- **Data entries**:
*** Block opens ***

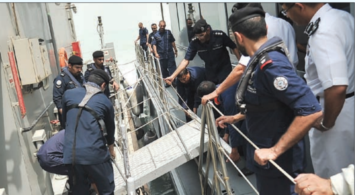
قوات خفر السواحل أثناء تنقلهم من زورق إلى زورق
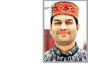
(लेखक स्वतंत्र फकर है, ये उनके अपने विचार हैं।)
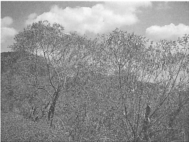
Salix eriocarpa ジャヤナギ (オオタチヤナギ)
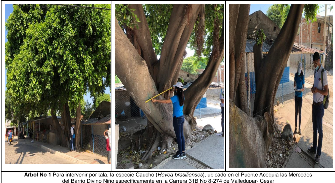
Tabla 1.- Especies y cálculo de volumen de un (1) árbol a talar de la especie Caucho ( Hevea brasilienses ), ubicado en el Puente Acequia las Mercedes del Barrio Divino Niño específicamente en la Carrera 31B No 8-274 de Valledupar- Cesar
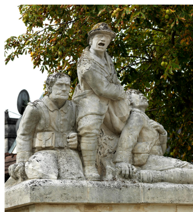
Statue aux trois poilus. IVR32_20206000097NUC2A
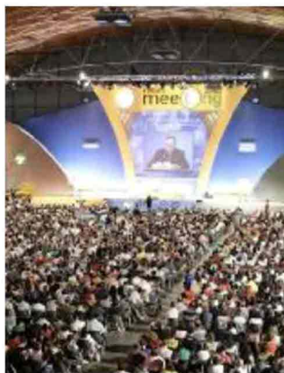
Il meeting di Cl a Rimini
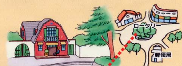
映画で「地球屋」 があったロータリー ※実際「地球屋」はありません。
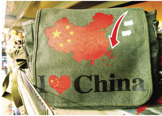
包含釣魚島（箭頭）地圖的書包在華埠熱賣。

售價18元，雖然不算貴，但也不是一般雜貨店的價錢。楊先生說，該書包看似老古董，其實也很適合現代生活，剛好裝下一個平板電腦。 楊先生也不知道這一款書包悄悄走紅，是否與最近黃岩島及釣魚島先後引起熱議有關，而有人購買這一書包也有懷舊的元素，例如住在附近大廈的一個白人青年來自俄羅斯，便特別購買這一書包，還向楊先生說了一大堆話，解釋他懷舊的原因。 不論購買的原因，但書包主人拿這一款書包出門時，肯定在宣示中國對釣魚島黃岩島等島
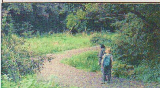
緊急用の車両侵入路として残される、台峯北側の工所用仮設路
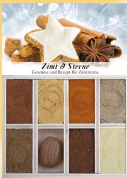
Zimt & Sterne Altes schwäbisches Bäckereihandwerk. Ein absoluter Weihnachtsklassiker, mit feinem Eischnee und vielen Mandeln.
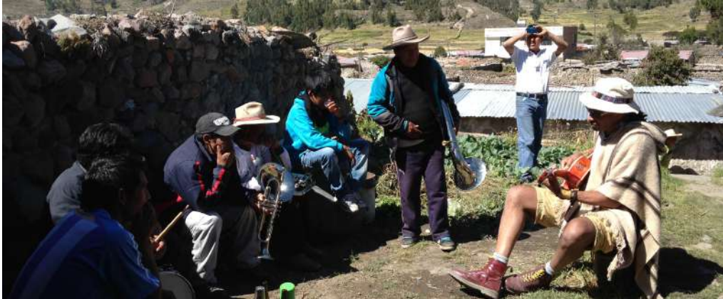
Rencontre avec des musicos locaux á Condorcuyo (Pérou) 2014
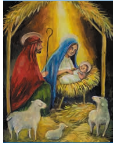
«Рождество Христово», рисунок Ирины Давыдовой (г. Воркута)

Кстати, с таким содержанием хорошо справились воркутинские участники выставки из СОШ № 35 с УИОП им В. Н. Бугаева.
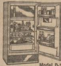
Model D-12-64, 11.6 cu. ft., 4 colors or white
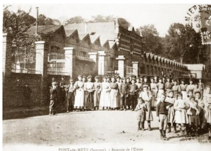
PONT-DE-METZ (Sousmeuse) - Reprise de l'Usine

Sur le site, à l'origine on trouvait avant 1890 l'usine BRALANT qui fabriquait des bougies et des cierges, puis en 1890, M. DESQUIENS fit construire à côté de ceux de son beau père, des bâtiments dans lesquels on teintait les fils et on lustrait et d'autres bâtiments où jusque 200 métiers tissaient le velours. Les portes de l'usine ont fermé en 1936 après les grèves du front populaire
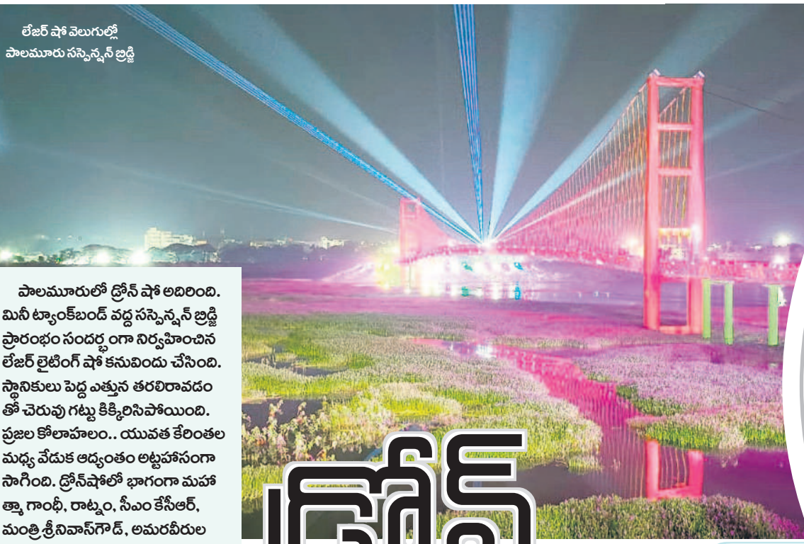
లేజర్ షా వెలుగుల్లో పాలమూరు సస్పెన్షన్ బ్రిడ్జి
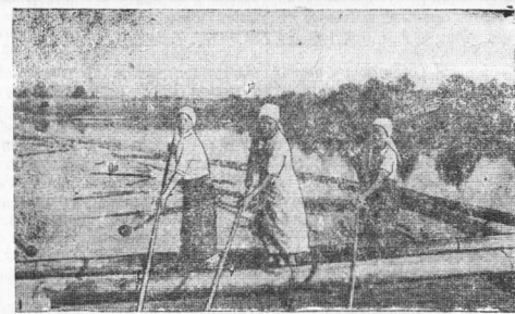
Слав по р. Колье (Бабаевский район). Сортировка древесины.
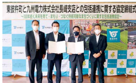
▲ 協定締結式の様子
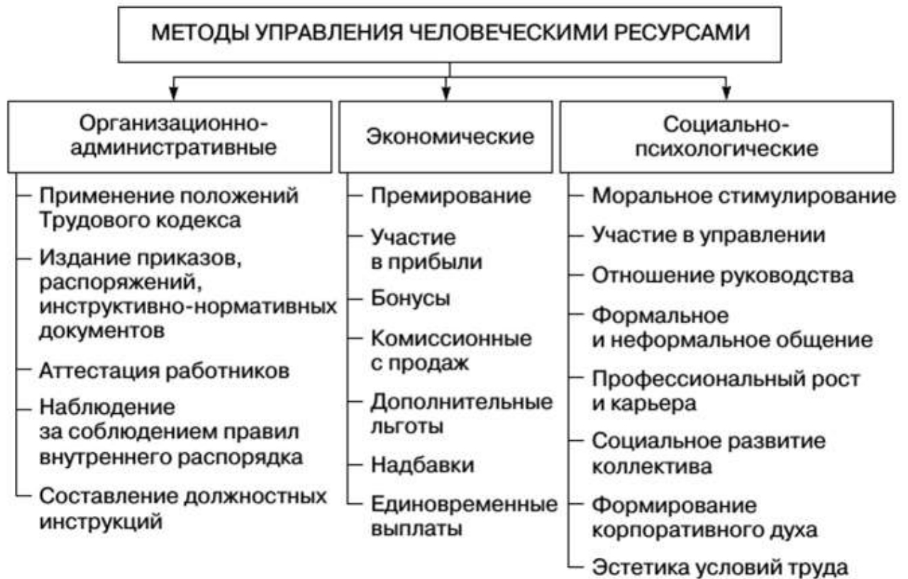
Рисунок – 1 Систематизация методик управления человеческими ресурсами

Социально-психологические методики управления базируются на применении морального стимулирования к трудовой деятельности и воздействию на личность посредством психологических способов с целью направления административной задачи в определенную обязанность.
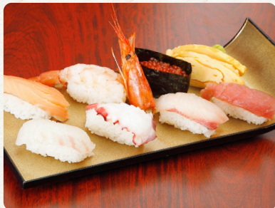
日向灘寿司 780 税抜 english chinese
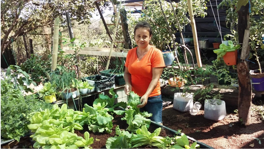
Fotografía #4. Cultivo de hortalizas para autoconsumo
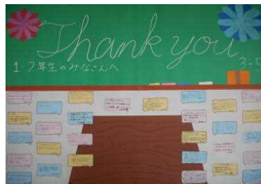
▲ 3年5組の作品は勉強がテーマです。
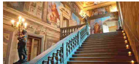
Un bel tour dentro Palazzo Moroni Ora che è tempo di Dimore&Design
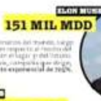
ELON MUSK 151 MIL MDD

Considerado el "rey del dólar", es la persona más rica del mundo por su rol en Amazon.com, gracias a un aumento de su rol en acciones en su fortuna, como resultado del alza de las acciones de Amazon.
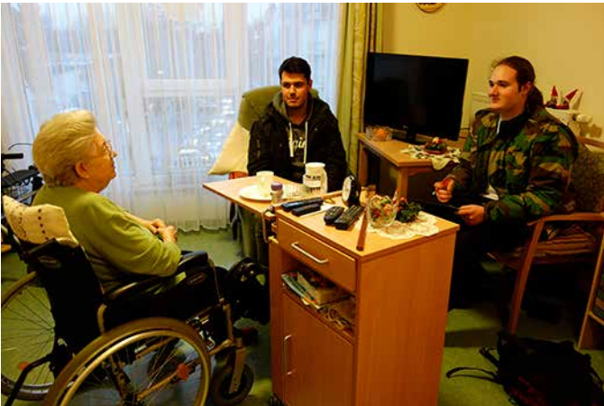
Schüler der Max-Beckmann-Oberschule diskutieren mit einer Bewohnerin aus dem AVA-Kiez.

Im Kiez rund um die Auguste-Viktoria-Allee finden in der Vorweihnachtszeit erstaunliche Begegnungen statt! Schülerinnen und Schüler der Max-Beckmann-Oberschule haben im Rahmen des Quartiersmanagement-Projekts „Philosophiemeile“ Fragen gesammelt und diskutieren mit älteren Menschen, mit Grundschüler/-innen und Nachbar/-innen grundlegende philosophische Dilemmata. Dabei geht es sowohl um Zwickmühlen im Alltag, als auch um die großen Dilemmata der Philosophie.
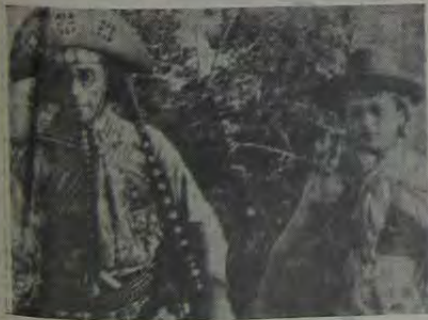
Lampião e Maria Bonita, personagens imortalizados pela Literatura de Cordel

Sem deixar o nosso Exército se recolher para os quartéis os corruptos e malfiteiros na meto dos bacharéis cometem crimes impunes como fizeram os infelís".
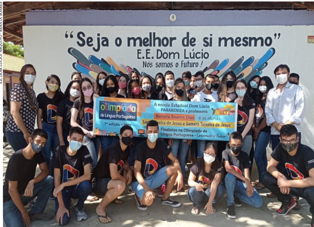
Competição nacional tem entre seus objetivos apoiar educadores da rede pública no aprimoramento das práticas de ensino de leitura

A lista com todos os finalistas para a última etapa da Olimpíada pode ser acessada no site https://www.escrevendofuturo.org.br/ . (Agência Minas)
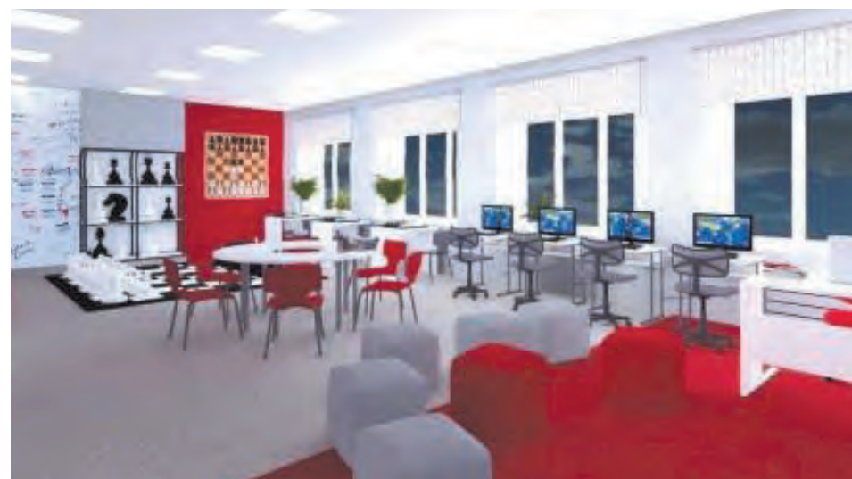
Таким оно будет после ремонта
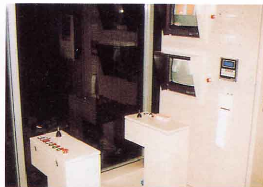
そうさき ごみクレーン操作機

*** Block closes ***

- **TASK ITEM**: From the first line above down to the line with "Tabla 1.- Especies", reproduce every line and no others, omitting pictures.

- **EXERCISE ANSWER**:
قوات خفر السواحل أثناء تنقلهم من زورق إلى زورق
(लेखक स्वतंत्र फकर है, ये उनके अपने विचार हैं।)
Salix eriocarpa ジャヤナギ (オオタチヤナギ)
Tabla 1.- Especies y cálculo de volumen de un (1) árbol a talar de la especie Caucho ( Hevea brasilienses ), ubicado en el Puente Acequia las Mercedes del Barrio Divino Niño específicamente en la Carrera 31B No 8-274 de Valledupar- Cesar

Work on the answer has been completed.